• **What to do**: Please output exactly the lines below, starting at the line that has "Kısa Küt Perçemli" and ending at the line that has "Since I had", both included; leave out all pictures and include nothing else.

• **Data for analysis**:
::::::::
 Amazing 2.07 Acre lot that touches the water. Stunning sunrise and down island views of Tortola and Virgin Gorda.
::::::::
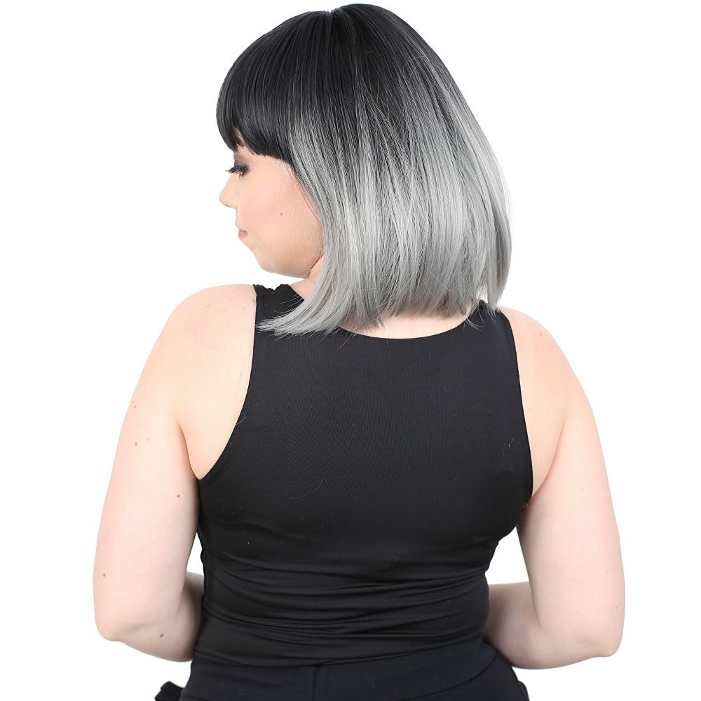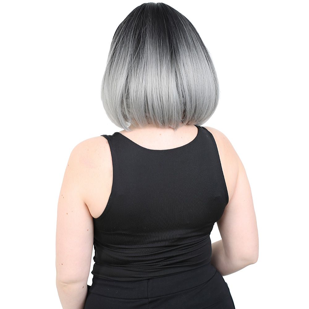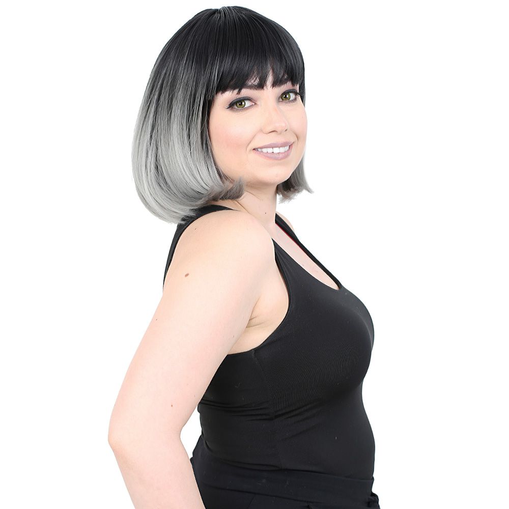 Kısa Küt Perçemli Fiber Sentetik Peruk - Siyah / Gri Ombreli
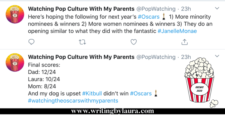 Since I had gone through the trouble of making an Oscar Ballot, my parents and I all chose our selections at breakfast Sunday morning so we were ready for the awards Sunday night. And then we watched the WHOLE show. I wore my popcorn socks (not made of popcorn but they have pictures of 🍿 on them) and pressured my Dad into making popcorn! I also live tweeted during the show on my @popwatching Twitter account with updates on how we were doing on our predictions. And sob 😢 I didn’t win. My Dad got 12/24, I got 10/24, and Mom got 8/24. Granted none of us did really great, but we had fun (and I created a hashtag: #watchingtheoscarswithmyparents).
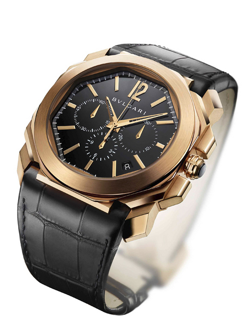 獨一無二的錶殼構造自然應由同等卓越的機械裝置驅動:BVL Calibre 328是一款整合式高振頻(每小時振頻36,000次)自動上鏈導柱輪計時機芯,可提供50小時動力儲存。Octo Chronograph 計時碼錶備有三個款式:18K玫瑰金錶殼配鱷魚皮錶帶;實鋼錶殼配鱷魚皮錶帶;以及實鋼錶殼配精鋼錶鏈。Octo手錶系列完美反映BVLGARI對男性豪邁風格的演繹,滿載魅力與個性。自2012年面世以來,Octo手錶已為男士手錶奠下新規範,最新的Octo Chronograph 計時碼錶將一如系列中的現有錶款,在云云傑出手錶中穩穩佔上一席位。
::::::::
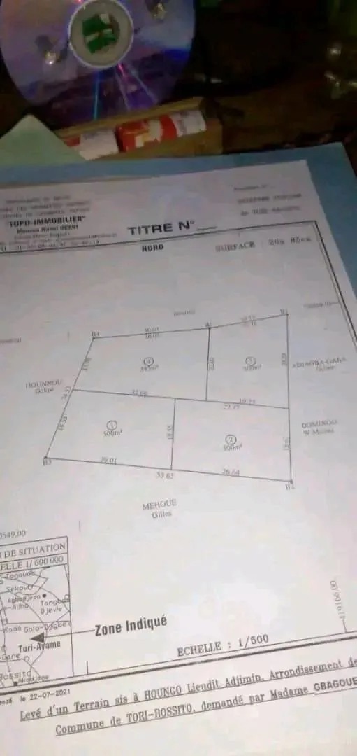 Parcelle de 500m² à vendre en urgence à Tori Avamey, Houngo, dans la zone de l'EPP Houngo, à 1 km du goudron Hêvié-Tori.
::::::::
• **Exercise solution**:
 Kısa Küt Perçemli Fiber Sentetik Peruk - Siyah / Gri Ombreli
 Since I had gone through the trouble of making an Oscar Ballot, my parents and I all chose our selections at breakfast Sunday morning so we were ready for the awards Sunday night. And then we watched the WHOLE show. I wore my popcorn socks (not made of popcorn but they have pictures of 🍿 on them) and pressured my Dad into making popcorn! I also live tweeted during the show on my @popwatching Twitter account with updates on how we were doing on our predictions. And sob 😢 I didn’t win. My Dad got 12/24, I got 10/24, and Mom got 8/24. Granted none of us did really great, but we had fun (and I created a hashtag: #watchingtheoscarswithmyparents).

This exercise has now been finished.